Dataset items:
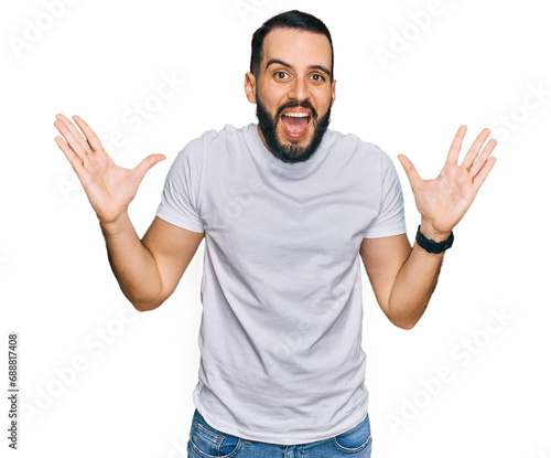 Young man with beard wearing casual white t shirt celebrating crazy and amazed for success with arms raised and open eyes screaming excited. winner concept
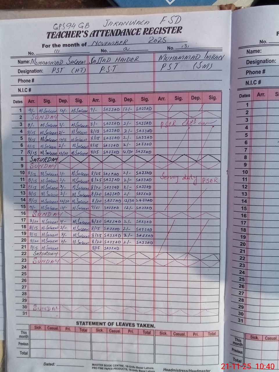 | CNIC | Full Name | Designation | R/C | Absence During Last Calender Month |
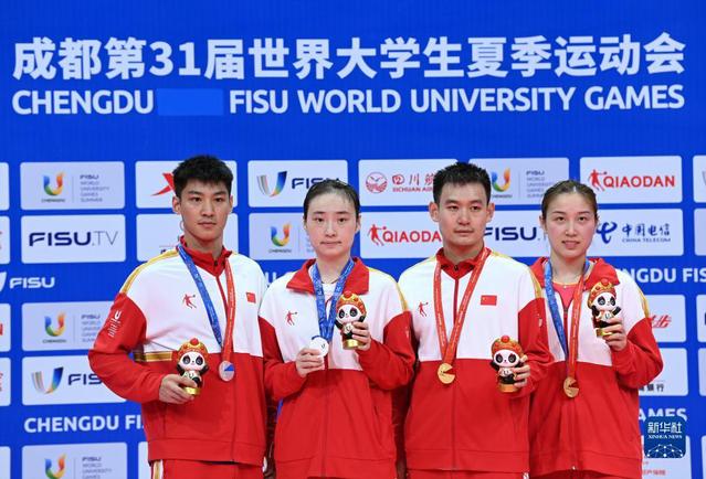 8月3日,南体乒乓球运动员钱天一在成都大运会乒乓球项目混双决赛上与队友刘丁硕合作,以4:1战胜队友王晓彤/薛飞摘金。
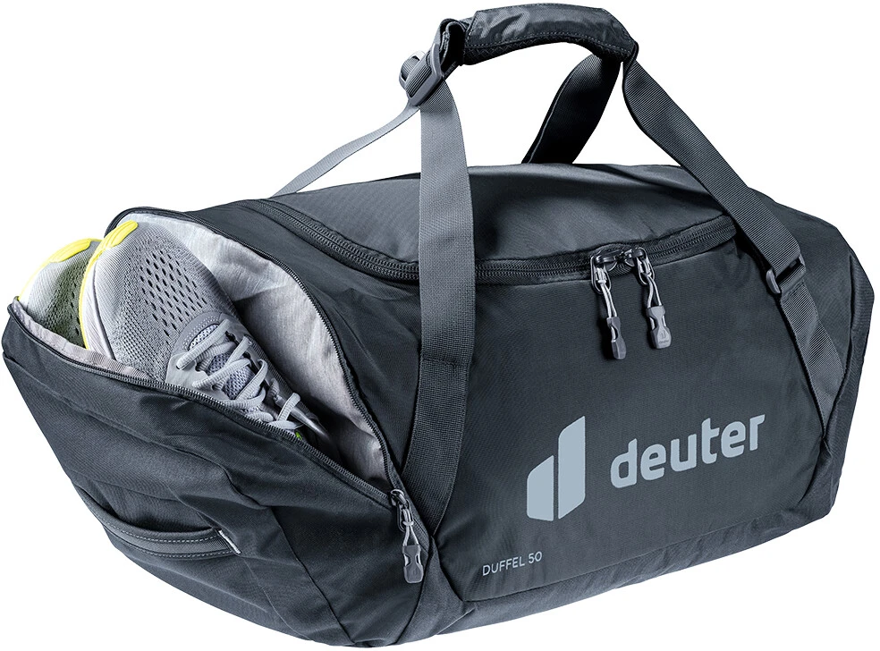 Deuter Duffel 50: praktická cestovní taška o objemu 50 litrů, je vyrobená ze 100% recyklovaných materiálů. Díky polstrovaným, nastavitelným popruhům lze nosit i jako batoh. Taška má kapsu na boty, uzamykatelné zipy. Součástí je vlastní úložný vak, který lze použít i jako organizér na věci.
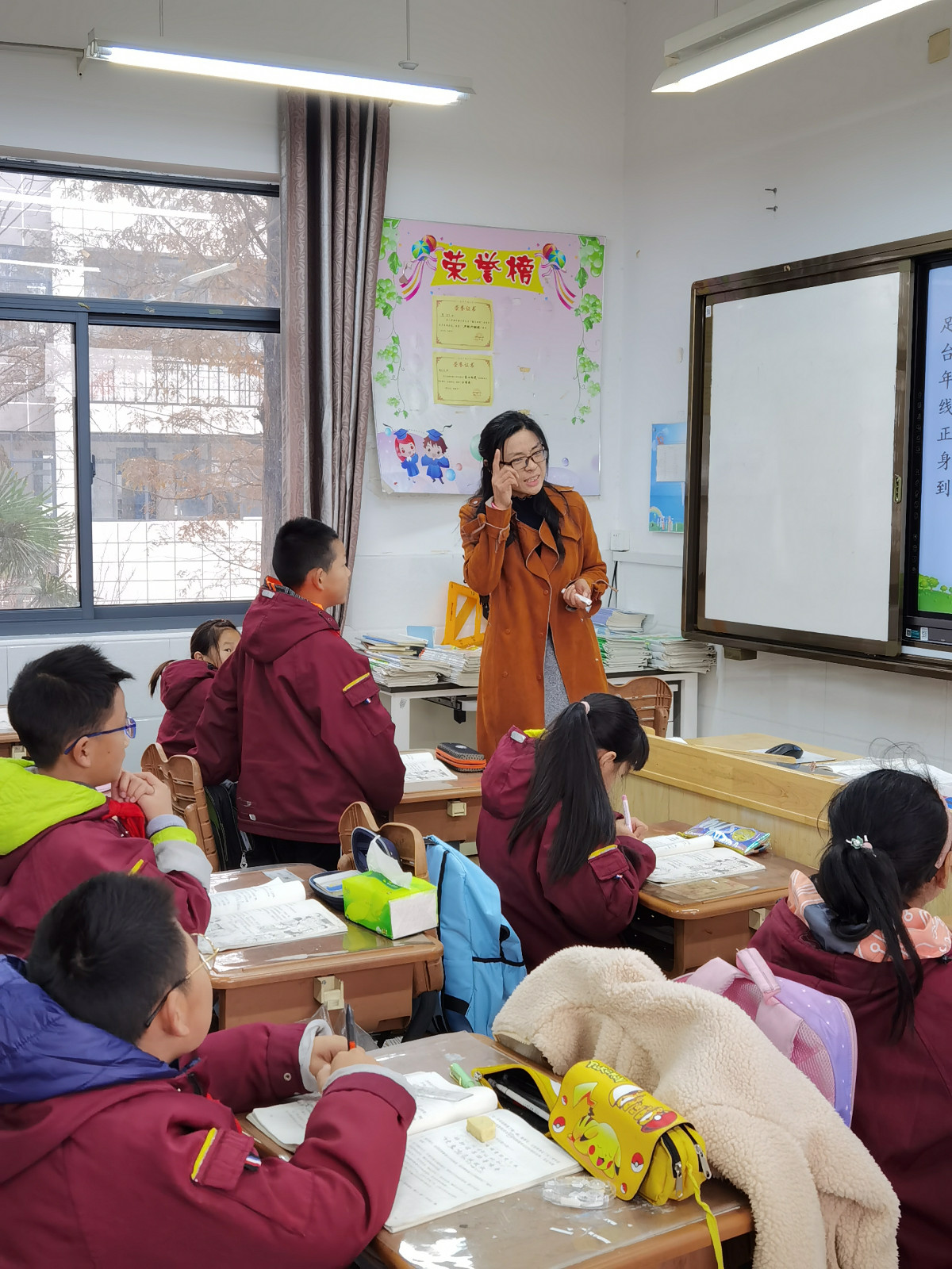 11月24日上午第一节课,吴相玉老师带来的是《金色的草地》第二课时的教学,课堂伊始,吴老师带领学生对本课的生字词进行了复习检查,夯实了学生学文的基础。接着学生在老师的引领下围绕着“草地发生了怎样的变化?”这一问题在文本中来回穿行,学生在老师的鼓励下由一开始的拘谨逐渐变得越来越主动。学生的思考、理解、表达越来越规范了,不少同学还兴致勃勃地参与比划手掌的活动环节,真正地理解了蒲公英变色的原理。可爱的草地、有趣的蒲公英带给文中小伙伴许多的快乐,吴老师一定也在学生们的成长中感受到了快乐!
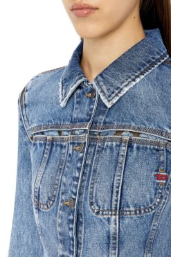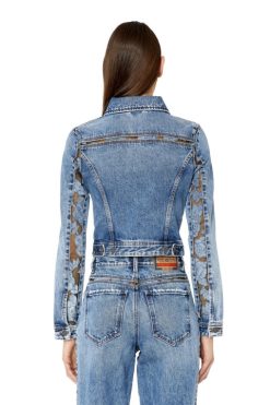 לז’קט ג’ינס לנשים זה יש צללית דקיקה של נהג משא, שחוברת עם תוספות תחרה פרחוניות לאורך התפרים. מפורט על החזה עם רקמת ‘D’ אדומה. עשוי מבד פיקס המשלב כותנה וקנבוס. המבנה המקושר הייחודי כולל תחרת ג’קארד ייחודית עשויה מבדי ג’ינס. זה סיים עם שפם ואפקטים מוצללים למראה חי.

What needs to be done: Above are the records; copy exactly the lines from the one with "Calender Month |" through the one with "8月3日,南体乒乓球运动员钱", including both, and nothing more. Leave out pictures.

Response box:
 | CNIC | Full Name | Designation | R/C | Absence During Last Calender Month |
 8月3日,南体乒乓球运动员钱天一在成都大运会乒乓球项目混双决赛上与队友刘丁硕合作,以4:1战胜队友王晓彤/薛飞摘金。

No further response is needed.